Among COFAR’s actions planned for the day are:

  • Starting at 11:00 a.m., members will visit legislators to provide them with information about COFAR’s proposal for a Village at Fernald. As an alternative to the Governor’s plan to evict the 300 severely and profoundly retarded residents of the Fernald Developmental Center in Waltham, COFAR is proposing that 60 acres of the 190-acre site be set aside for permanent homes for current and future generations of mentally retarded individuals. COAFR is also proposing that land use, facilities, operational and financial plans be developed for the remainder of the site with involvement from and oversight by Waltham City officials, knowledgeable professionals, Fernald parents and guardians, elected and appointed state government officials, neighbors, planners and community advocates.

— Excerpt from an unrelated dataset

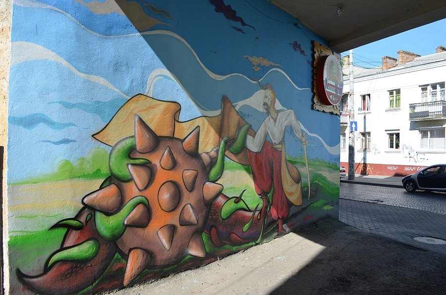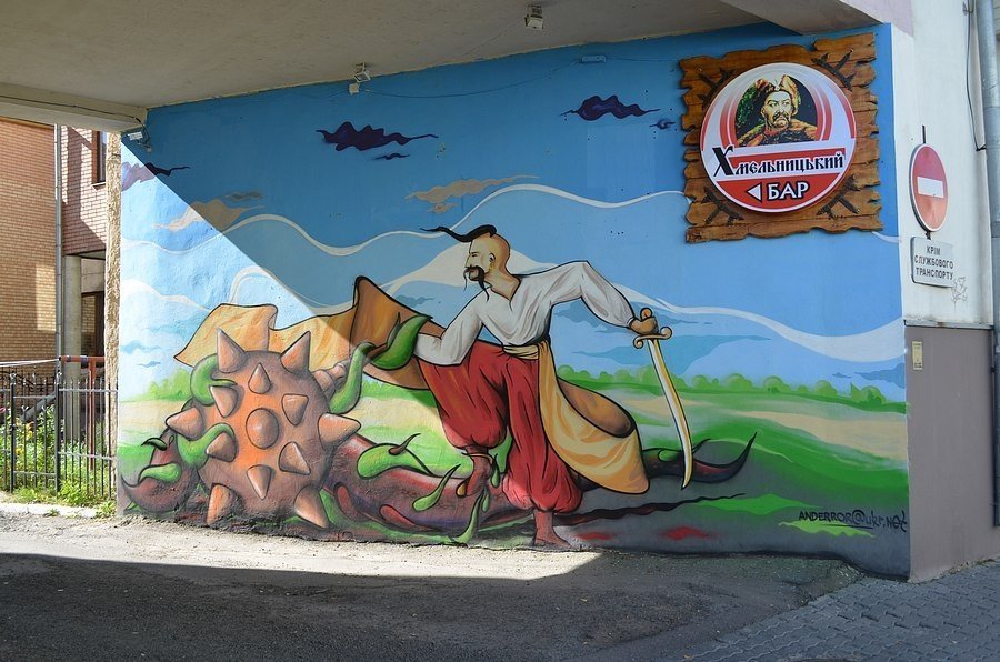 Луцька міська влада запропонувала місцевим вуличним художникам розмалювати міські стіни. Почали з арки на Хмельницького. За серпень зробили малюнок з козаком.
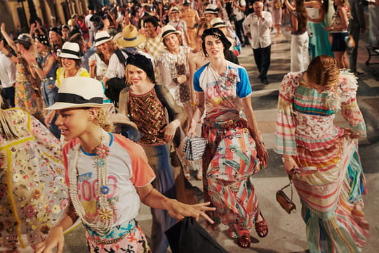 Stella Tennant, allure froide, élégance d'antan et androgynie effrontée, pose le décor en ouvrant le show. Le noir et blanc et de mise pour cette immersion en douceur qui se régale des codes de l'élégance années 50, vestes et chemises, pantalon à pinces amples et panama soulignant un regard mystérieux. Rapidement, la féminité reprends le dessus dans des pans de tulle volatile et des chemisiers et jupes en transparence. Palmes et autres feuillages annoncent un nouveau virage plus organique, dans des matières tissées, aux tons nature et aux silhouettes contemporaines. La femme Chanel à Cuba évolue avec le temps et s'illumine en couleurs. Bientôt, les références à la charmante désuétude du lieu se multiplient. T-shirts imprimés de réclames passées, motifs voitures américaines cubaines, jeans délavés et cuirs usés dessinent un vestiaire douceâtre aux accents pop. L'homme, très présent lors du show, la joue aussi chic ou urbain, classique ou contemporain. Mais il laisse place au final à la féminité sophistiquée de Chanel version Karl Lagerfeld, dans un bouquet de petites robes colorées précieuses qui font son succès. Une croisière dans le temps et sous le soleil pour laquelle on embarque volontiers.

  • COFAR members will testify before the House and Senate Ways and Means Committees, which are holding a joint hearing starting at noon in the Gardner Auditorium on the governor’s fiscal year 2005 state budget proposal. COFAR will urge the Legislature to rescind devastating cuts the governor is proposing in transportation and day programming for mentally retarded persons who are currently not receiving Medicaid services.
  • These cuts, if enacted, will leave close to 800 people who are currently not receiving Medicaid-based services from the Department of Mental Retardation with no place to go. Many of the people who would be affected are cared for at home or live on their own and receive no residential services from the DMR.

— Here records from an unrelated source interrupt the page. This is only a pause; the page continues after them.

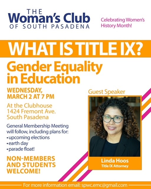 Happy first day of Women’s History Month! On March 2, at 7PM, The Woman’s Club of South Pasadena will be hosting the following event to bring awareness to Title XI and Gender Equality in Education. For more information, please email spwc.emc@gmail.com.
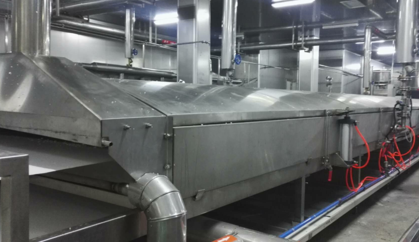 布好漿的網(wǎng)帶自動(dòng)進(jìn)入蒸粉機,將米漿蒸熟成米粉片,熟化效果好;
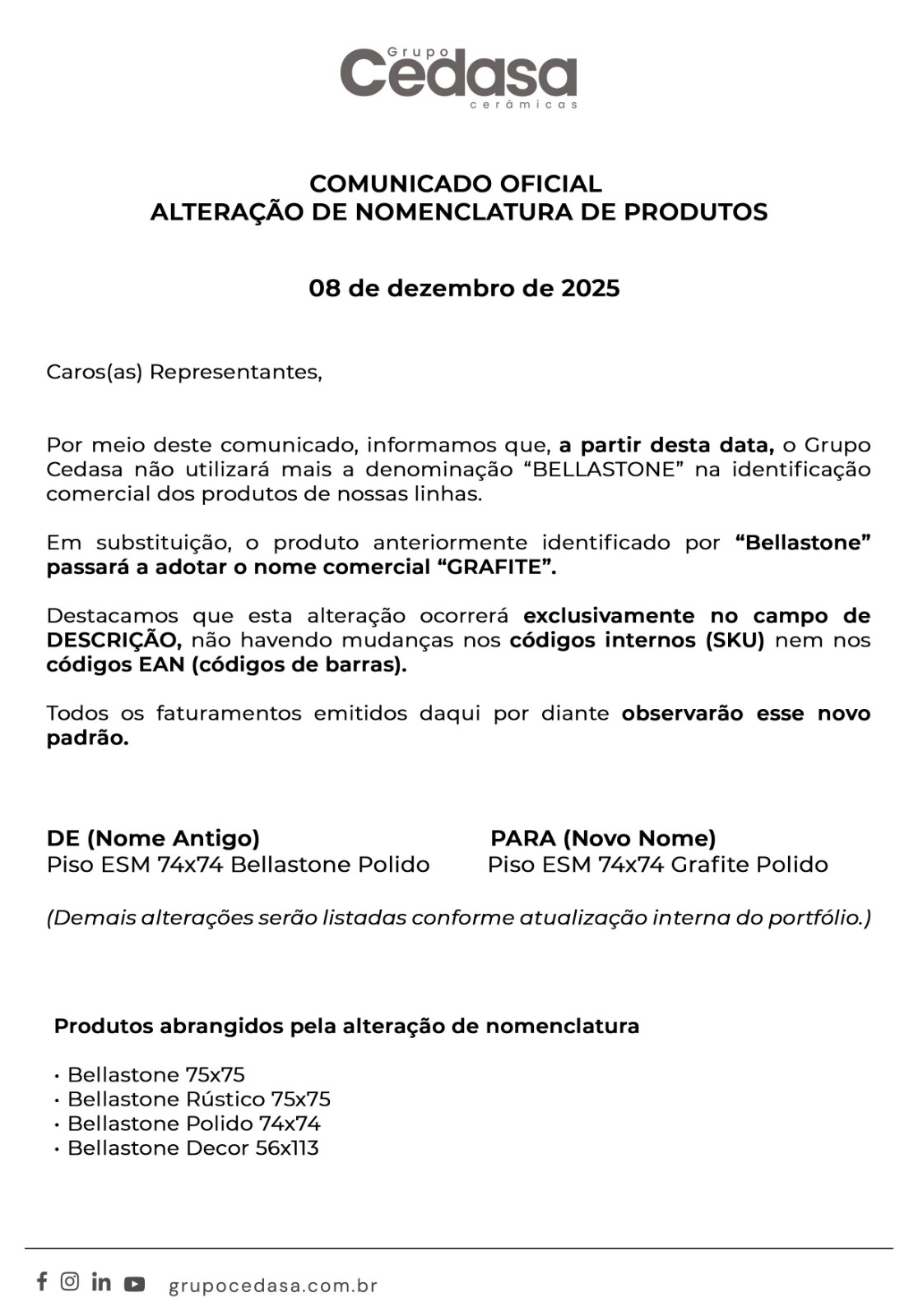 Comunicado Bellastone

  • COFAR will urge lawmakers to support proposed legislation to ensure independent investigations of reports of abuse and neglect within the DMR system. COFAR has long support House Bill 2066, which would transfer investigative resources from the DMR to the independent Disabled Persons Protection Commission (DPPC). COFAR will also urge increased funding for the DPPC, which is approaching the "breaking point," due to budget cuts, in protecting disabled persons from abuse and neglect. (Please see our story on the DPPC in the January edition of The COFAR Voice, which is online at www.cofar-mass.org.)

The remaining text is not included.